#### Extracted material:
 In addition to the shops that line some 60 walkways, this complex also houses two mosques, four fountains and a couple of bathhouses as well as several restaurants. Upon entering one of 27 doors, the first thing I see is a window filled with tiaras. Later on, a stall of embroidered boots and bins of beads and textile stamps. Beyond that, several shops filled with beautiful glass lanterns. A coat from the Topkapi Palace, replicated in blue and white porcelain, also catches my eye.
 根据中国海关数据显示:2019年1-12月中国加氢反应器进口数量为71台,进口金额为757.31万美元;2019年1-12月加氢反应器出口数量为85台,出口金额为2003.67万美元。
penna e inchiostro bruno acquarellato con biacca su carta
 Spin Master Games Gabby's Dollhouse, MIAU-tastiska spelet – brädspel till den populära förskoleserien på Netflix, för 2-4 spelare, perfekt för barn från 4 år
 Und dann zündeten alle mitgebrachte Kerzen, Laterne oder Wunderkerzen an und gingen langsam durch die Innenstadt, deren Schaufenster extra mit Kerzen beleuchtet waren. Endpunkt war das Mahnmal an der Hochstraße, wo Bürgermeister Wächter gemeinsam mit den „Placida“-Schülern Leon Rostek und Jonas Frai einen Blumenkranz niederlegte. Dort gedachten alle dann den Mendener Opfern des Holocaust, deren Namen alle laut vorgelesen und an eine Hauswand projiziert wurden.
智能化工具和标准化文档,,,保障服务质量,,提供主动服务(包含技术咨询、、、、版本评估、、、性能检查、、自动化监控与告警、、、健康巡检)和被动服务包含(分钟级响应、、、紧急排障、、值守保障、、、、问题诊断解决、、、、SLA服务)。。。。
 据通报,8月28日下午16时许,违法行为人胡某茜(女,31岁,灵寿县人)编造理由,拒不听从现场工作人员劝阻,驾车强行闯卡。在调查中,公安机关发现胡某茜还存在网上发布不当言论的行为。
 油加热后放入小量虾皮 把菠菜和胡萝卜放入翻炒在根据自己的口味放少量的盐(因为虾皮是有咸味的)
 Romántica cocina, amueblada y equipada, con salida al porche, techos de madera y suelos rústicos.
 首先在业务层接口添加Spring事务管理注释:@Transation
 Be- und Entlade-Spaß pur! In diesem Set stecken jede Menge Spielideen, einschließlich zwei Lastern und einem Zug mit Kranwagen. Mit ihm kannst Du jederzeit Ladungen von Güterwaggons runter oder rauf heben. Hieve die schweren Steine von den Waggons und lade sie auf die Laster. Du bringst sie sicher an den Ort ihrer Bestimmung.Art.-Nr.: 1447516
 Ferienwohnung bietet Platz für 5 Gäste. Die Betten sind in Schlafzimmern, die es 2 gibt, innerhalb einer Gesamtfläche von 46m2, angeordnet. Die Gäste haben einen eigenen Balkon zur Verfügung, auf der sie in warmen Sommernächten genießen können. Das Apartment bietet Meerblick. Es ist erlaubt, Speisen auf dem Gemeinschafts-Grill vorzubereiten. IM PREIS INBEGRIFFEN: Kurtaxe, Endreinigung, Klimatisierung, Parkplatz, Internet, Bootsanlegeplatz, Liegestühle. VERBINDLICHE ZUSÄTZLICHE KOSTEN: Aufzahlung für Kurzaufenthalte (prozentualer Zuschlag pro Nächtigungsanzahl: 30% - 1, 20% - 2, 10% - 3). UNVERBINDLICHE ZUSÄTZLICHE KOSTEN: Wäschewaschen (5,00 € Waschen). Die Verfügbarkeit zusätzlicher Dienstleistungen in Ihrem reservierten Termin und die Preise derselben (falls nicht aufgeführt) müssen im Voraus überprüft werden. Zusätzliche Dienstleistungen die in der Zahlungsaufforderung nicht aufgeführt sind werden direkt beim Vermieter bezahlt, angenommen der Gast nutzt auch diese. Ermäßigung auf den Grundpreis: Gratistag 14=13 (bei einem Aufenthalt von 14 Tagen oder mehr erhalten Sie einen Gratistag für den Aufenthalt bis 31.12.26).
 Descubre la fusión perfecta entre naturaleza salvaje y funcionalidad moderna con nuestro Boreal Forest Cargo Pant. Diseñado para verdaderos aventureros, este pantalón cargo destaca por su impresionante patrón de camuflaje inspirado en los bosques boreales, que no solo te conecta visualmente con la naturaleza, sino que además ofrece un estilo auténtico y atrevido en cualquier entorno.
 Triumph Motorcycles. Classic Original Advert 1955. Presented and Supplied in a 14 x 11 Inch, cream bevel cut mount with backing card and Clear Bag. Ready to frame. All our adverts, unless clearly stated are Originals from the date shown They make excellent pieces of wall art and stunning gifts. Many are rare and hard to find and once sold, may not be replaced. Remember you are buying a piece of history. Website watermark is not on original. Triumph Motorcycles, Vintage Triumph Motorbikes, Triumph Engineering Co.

#### The task:
From the entries above, copy every line containing the word "with".

#### Task output:
 In addition to the shops that line some 60 walkways, this complex also houses two mosques, four fountains and a couple of bathhouses as well as several restaurants. Upon entering one of 27 doors, the first thing I see is a window filled with tiaras. Later on, a stall of embroidered boots and bins of beads and textile stamps. Beyond that, several shops filled with beautiful glass lanterns. A coat from the Topkapi Palace, replicated in blue and white porcelain, also catches my eye.
 Triumph Motorcycles. Classic Original Advert 1955. Presented and Supplied in a 14 x 11 Inch, cream bevel cut mount with backing card and Clear Bag. Ready to frame. All our adverts, unless clearly stated are Originals from the date shown They make excellent pieces of wall art and stunning gifts. Many are rare and hard to find and once sold, may not be replaced. Remember you are buying a piece of history. Website watermark is not on original. Triumph Motorcycles, Vintage Triumph Motorbikes, Triumph Engineering Co.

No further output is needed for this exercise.